6. L'arrêt retient qu'il résulte des pièces produites aux débats, et particulièrement des auditions recueillies par les enquêteurs auprès de la victime, de M. [R], conducteur de la machine, ainsi que de M. [E], employé de M. [N] et témoin de l'accident, que la moissonneuse-batteuse était à l'arrêt total au moment des faits, que c'est vainement que M. [N] soutient dans ses dernières écritures que l'arrêt n'aurait pas été complet, en se prévalant des déclarations par lesquelles M. [E] a indiqué qu'il avait demandé à M. [R] de stopper totalement l'engin, qu'il résulte en effet sans aucune ambiguïté des déclarations de ce témoin que la moissonneuse-batteuse ne se déplaçait pas, et qu'il apparaît que la demande faite à M. [R] ne tendait aucunement à l'immobilisation du véhicule, mais à l'arrêt de son moteur, qui continuait d'entraîner la vis sans fin située en fond de trémie.

7. L'arrêt constate que, bien qu'entraînée par le moteur permettant par ailleurs à la machine de rouler, cette vis sans fin est totalement indépendante de la fonction de déplacement, comme pouvant être mise en oeuvre à l'arrêt de la machine, et ayant pour seul objet de vidanger les grains introduits dans la trémie de stockage après leur récolte.

8. L'arrêt énonce que c'est le fonctionnement de cette vis sans fin qui est seul à l'origine de l'accident survenu à M. [N], lequel est descendu dans la trémie afin de casser avec un bâton les amas de grains agglomérés par l'humidité, empêchant ainsi la vis sans fin de remplir son office, que c'est à cette occasion que, son pied ayant glissé et son lacet étant défait, M. [N] a vu sa jambe gauche happée et entraînée par la vis sans fin.

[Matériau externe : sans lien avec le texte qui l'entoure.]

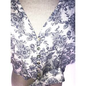 This romantic cottage-core blouse is a great transition piece. It is a linen blend button-down style blouse. It has a cropped cut and a front tie. The sleeves have a slight puff and are quarter-length with cinching to add structure. The shell buttons give a vintage feel to this classic English-style blue floral print. New with tags.

9. L'arrêt ajoute que, dès lors qu'au moment de l'accident la moissonneuse-batteuse ne circulait pas, ne procédait à aucune coupe, et que M. [N] intervenait dans la trémie dans le seul but de pallier un dysfonctionnement de l'outil de vidange de celle-ci, la machine ne se trouvait manifestement plus en action de fauchage, mais en position de maintenance de l'un de ses outils et que la fonction de déplacement de l'engin était totalement étrangère à la survenue de l'accident, peu important à cet égard que le moteur ait été en fonctionnement ou que le conducteur ait été présent sur son siège.

10. De ces constatations et énonciations, relevant de son pouvoir souverain d'appréciation des éléments de fait et de preuve qui lui étaient soumis, la cour d'appel qui a mis en évidence que l'accident était exclusivement en lien avec la fonction d'outil de la moissonneuse-batteuse et aucunement avec sa fonction de circulation, dès lors que la machine ne se trouvait plus en action de fauchage, mais en position de maintenance de la vis sans fin et à l'arrêt,en a exactement déduit qu'il ne constituait pas un accident de la circulation au sens de la loi n° 85-677 du 5 juillet 1985.

11. Le moyen n'est, dès lors, pas fondé.

PAR CES MOTIFS, la Cour :

REJETTE les pourvois.

- Président : M. Pireyre - Rapporteur : M. Pradel - Avocat général : M. Grignon Dumoulin - Avocat(s) : SCP Gadiou et Chevallier ; SCP Spinosi ; SCP Boré, Salve de Bruneton et Mégret ; SCP Gatineau, Fattaccini et Rebeyrol -

Textes visés :

Loi n° 85-677 du 5 juillet 1985.

Rapprochement(s) :

2e Civ., 18 mai 2017, pourvoi n° 16-18.421, Bull. 2017, II, n° 101 (rejet).